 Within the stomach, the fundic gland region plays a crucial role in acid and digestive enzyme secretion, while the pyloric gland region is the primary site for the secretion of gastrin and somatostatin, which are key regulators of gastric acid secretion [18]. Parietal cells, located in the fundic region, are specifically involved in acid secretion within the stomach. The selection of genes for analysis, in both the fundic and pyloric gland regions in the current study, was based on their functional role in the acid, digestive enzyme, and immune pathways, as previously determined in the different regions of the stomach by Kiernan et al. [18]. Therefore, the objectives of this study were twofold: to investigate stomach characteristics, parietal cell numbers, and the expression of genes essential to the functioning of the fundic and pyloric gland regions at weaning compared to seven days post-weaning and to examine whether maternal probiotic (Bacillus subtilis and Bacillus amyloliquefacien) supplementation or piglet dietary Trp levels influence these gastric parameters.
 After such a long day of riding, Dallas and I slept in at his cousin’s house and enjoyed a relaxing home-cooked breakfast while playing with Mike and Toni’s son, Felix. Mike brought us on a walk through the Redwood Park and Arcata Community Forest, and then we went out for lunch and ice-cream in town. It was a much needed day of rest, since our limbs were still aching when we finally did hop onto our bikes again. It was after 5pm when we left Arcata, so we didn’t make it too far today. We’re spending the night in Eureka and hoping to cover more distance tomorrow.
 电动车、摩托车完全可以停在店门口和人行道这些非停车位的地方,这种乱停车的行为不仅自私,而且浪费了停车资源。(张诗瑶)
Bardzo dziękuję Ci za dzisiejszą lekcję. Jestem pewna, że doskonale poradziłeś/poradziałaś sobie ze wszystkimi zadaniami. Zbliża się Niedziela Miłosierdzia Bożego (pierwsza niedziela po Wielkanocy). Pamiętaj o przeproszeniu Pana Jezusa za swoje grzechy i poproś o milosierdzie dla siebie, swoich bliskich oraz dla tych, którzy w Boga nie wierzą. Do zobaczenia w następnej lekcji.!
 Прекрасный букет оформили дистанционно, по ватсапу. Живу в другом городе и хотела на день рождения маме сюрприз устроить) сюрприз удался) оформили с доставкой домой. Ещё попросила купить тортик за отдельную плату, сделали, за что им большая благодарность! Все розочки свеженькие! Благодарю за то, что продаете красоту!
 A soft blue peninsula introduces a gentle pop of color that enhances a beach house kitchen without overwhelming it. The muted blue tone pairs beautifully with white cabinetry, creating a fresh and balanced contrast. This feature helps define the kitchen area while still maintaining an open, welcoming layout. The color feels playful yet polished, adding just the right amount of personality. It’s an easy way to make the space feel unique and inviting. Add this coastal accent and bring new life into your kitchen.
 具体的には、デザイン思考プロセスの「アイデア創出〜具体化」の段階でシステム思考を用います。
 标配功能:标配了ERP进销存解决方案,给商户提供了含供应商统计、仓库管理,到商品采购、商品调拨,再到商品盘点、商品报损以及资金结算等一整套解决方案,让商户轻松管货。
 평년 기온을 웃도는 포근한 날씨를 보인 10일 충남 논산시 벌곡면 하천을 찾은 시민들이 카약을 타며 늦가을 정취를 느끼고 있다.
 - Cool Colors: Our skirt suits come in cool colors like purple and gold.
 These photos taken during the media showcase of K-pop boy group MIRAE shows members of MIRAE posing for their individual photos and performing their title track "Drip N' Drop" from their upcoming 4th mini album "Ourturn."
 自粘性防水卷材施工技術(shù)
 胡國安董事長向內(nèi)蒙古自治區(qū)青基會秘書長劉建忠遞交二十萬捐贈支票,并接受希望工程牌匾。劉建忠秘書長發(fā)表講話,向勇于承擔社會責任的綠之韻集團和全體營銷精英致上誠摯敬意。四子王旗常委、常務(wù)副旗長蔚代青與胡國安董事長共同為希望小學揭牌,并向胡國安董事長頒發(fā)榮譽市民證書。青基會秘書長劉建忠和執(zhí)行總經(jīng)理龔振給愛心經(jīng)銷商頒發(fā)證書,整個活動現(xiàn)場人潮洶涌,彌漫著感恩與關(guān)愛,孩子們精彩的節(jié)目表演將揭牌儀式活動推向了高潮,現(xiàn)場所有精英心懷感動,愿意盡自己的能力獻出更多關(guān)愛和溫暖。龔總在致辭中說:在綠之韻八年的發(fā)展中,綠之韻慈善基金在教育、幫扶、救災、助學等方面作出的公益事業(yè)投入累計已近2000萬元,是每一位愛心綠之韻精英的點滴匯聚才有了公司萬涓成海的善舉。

• • • • •

INSTRUCTIONS FOR THE TASK: Give back the whole listing exactly.

REPLY:
 Within the stomach, the fundic gland region plays a crucial role in acid and digestive enzyme secretion, while the pyloric gland region is the primary site for the secretion of gastrin and somatostatin, which are key regulators of gastric acid secretion [18]. Parietal cells, located in the fundic region, are specifically involved in acid secretion within the stomach. The selection of genes for analysis, in both the fundic and pyloric gland regions in the current study, was based on their functional role in the acid, digestive enzyme, and immune pathways, as previously determined in the different regions of the stomach by Kiernan et al. [18]. Therefore, the objectives of this study were twofold: to investigate stomach characteristics, parietal cell numbers, and the expression of genes essential to the functioning of the fundic and pyloric gland regions at weaning compared to seven days post-weaning and to examine whether maternal probiotic (Bacillus subtilis and Bacillus amyloliquefacien) supplementation or piglet dietary Trp levels influence these gastric parameters.
 After such a long day of riding, Dallas and I slept in at his cousin’s house and enjoyed a relaxing home-cooked breakfast while playing with Mike and Toni’s son, Felix. Mike brought us on a walk through the Redwood Park and Arcata Community Forest, and then we went out for lunch and ice-cream in town. It was a much needed day of rest, since our limbs were still aching when we finally did hop onto our bikes again. It was after 5pm when we left Arcata, so we didn’t make it too far today. We’re spending the night in Eureka and hoping to cover more distance tomorrow.
 电动车、摩托车完全可以停在店门口和人行道这些非停车位的地方,这种乱停车的行为不仅自私,而且浪费了停车资源。(张诗瑶)
Bardzo dziękuję Ci za dzisiejszą lekcję. Jestem pewna, że doskonale poradziłeś/poradziałaś sobie ze wszystkimi zadaniami. Zbliża się Niedziela Miłosierdzia Bożego (pierwsza niedziela po Wielkanocy). Pamiętaj o przeproszeniu Pana Jezusa za swoje grzechy i poproś o milosierdzie dla siebie, swoich bliskich oraz dla tych, którzy w Boga nie wierzą. Do zobaczenia w następnej lekcji.!
 Прекрасный букет оформили дистанционно, по ватсапу. Живу в другом городе и хотела на день рождения маме сюрприз устроить) сюрприз удался) оформили с доставкой домой. Ещё попросила купить тортик за отдельную плату, сделали, за что им большая благодарность! Все розочки свеженькие! Благодарю за то, что продаете красоту!
 A soft blue peninsula introduces a gentle pop of color that enhances a beach house kitchen without overwhelming it. The muted blue tone pairs beautifully with white cabinetry, creating a fresh and balanced contrast. This feature helps define the kitchen area while still maintaining an open, welcoming layout. The color feels playful yet polished, adding just the right amount of personality. It’s an easy way to make the space feel unique and inviting. Add this coastal accent and bring new life into your kitchen.
 具体的には、デザイン思考プロセスの「アイデア創出〜具体化」の段階でシステム思考を用います。
 标配功能:标配了ERP进销存解决方案,给商户提供了含供应商统计、仓库管理,到商品采购、商品调拨,再到商品盘点、商品报损以及资金结算等一整套解决方案,让商户轻松管货。
 평년 기온을 웃도는 포근한 날씨를 보인 10일 충남 논산시 벌곡면 하천을 찾은 시민들이 카약을 타며 늦가을 정취를 느끼고 있다.
 - Cool Colors: Our skirt suits come in cool colors like purple and gold.
 These photos taken during the media showcase of K-pop boy group MIRAE shows members of MIRAE posing for their individual photos and performing their title track "Drip N' Drop" from their upcoming 4th mini album "Ourturn."
 自粘性防水卷材施工技術(shù)
 胡國安董事長向內(nèi)蒙古自治區(qū)青基會秘書長劉建忠遞交二十萬捐贈支票,并接受希望工程牌匾。劉建忠秘書長發(fā)表講話,向勇于承擔社會責任的綠之韻集團和全體營銷精英致上誠摯敬意。四子王旗常委、常務(wù)副旗長蔚代青與胡國安董事長共同為希望小學揭牌,并向胡國安董事長頒發(fā)榮譽市民證書。青基會秘書長劉建忠和執(zhí)行總經(jīng)理龔振給愛心經(jīng)銷商頒發(fā)證書,整個活動現(xiàn)場人潮洶涌,彌漫著感恩與關(guān)愛,孩子們精彩的節(jié)目表演將揭牌儀式活動推向了高潮,現(xiàn)場所有精英心懷感動,愿意盡自己的能力獻出更多關(guān)愛和溫暖。龔總在致辭中說:在綠之韻八年的發(fā)展中,綠之韻慈善基金在教育、幫扶、救災、助學等方面作出的公益事業(yè)投入累計已近2000萬元,是每一位愛心綠之韻精英的點滴匯聚才有了公司萬涓成海的善舉。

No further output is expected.